# TASK PROMPT:
Retype the data exactly, skipping any picture in it.

━━ GIVEN MATERIAL

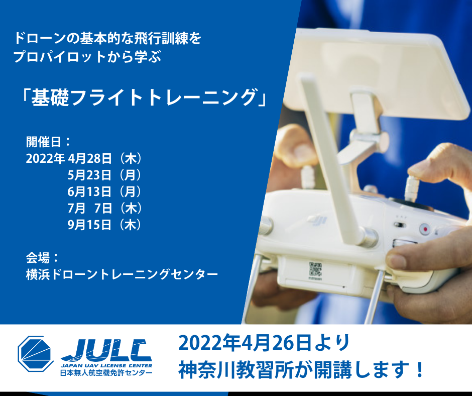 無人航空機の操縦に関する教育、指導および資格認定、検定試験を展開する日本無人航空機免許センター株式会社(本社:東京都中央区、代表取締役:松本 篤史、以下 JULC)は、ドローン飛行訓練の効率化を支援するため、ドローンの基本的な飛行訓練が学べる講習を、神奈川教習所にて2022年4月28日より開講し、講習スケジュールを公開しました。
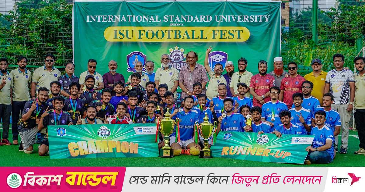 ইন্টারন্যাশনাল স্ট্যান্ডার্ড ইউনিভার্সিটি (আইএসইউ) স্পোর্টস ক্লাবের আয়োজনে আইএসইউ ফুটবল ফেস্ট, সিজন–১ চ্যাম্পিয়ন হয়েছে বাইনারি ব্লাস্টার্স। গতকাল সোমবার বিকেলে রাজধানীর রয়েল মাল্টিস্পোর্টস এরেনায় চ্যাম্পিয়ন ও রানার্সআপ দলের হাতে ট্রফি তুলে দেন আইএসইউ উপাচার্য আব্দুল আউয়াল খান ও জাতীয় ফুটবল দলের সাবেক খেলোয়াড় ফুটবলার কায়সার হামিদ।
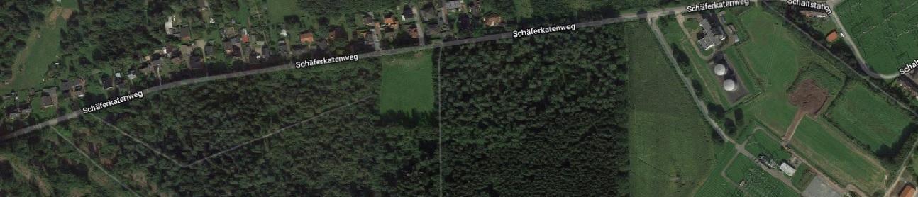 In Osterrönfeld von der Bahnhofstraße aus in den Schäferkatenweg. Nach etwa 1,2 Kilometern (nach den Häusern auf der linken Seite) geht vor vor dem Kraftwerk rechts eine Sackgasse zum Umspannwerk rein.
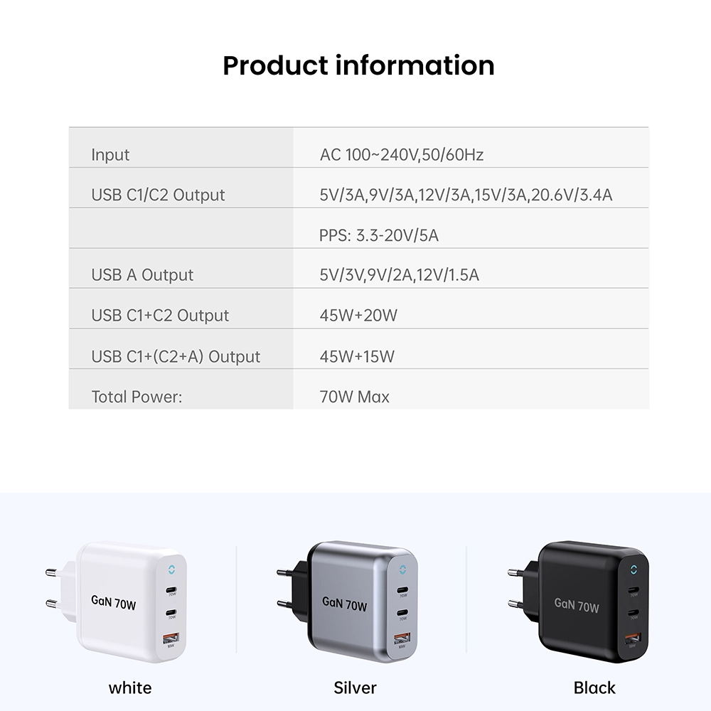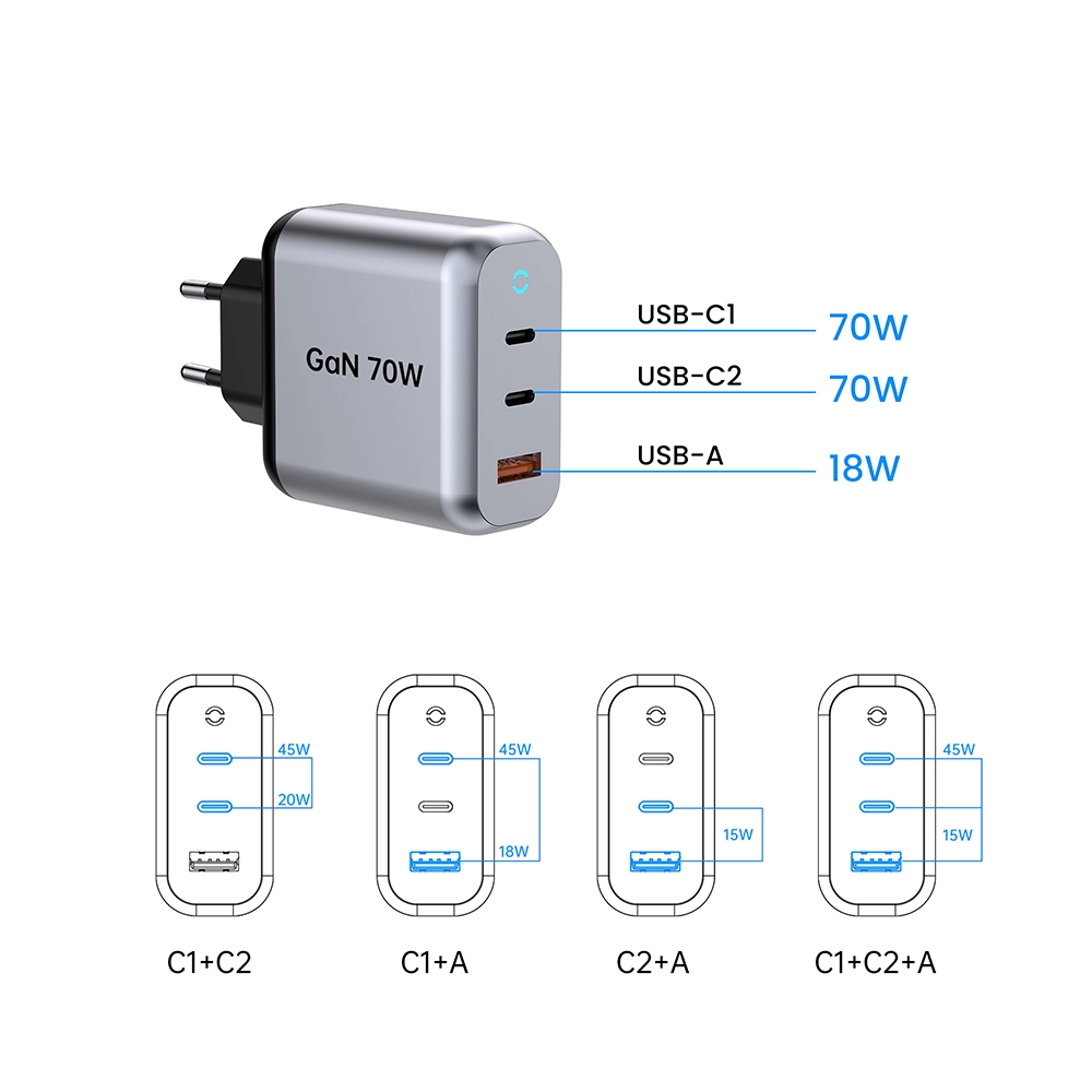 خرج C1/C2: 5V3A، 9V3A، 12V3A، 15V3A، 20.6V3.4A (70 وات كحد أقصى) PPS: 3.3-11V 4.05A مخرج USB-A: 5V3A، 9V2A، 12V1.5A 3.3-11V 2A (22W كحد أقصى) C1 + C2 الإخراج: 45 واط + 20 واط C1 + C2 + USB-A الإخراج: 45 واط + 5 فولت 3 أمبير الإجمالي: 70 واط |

━━━━

# SOLUTION:
 無人航空機の操縦に関する教育、指導および資格認定、検定試験を展開する日本無人航空機免許センター株式会社(本社:東京都中央区、代表取締役:松本 篤史、以下 JULC)は、ドローン飛行訓練の効率化を支援するため、ドローンの基本的な飛行訓練が学べる講習を、神奈川教習所にて2022年4月28日より開講し、講習スケジュールを公開しました。
 ইন্টারন্যাশনাল স্ট্যান্ডার্ড ইউনিভার্সিটি (আইএসইউ) স্পোর্টস ক্লাবের আয়োজনে আইএসইউ ফুটবল ফেস্ট, সিজন–১ চ্যাম্পিয়ন হয়েছে বাইনারি ব্লাস্টার্স। গতকাল সোমবার বিকেলে রাজধানীর রয়েল মাল্টিস্পোর্টস এরেনায় চ্যাম্পিয়ন ও রানার্সআপ দলের হাতে ট্রফি তুলে দেন আইএসইউ উপাচার্য আব্দুল আউয়াল খান ও জাতীয় ফুটবল দলের সাবেক খেলোয়াড় ফুটবলার কায়সার হামিদ।
 In Osterrönfeld von der Bahnhofstraße aus in den Schäferkatenweg. Nach etwa 1,2 Kilometern (nach den Häusern auf der linken Seite) geht vor vor dem Kraftwerk rechts eine Sackgasse zum Umspannwerk rein.
 خرج C1/C2: 5V3A، 9V3A، 12V3A، 15V3A، 20.6V3.4A (70 وات كحد أقصى) PPS: 3.3-11V 4.05A مخرج USB-A: 5V3A، 9V2A، 12V1.5A 3.3-11V 2A (22W كحد أقصى) C1 + C2 الإخراج: 45 واط + 20 واط C1 + C2 + USB-A الإخراج: 45 واط + 5 فولت 3 أمبير الإجمالي: 70 واط |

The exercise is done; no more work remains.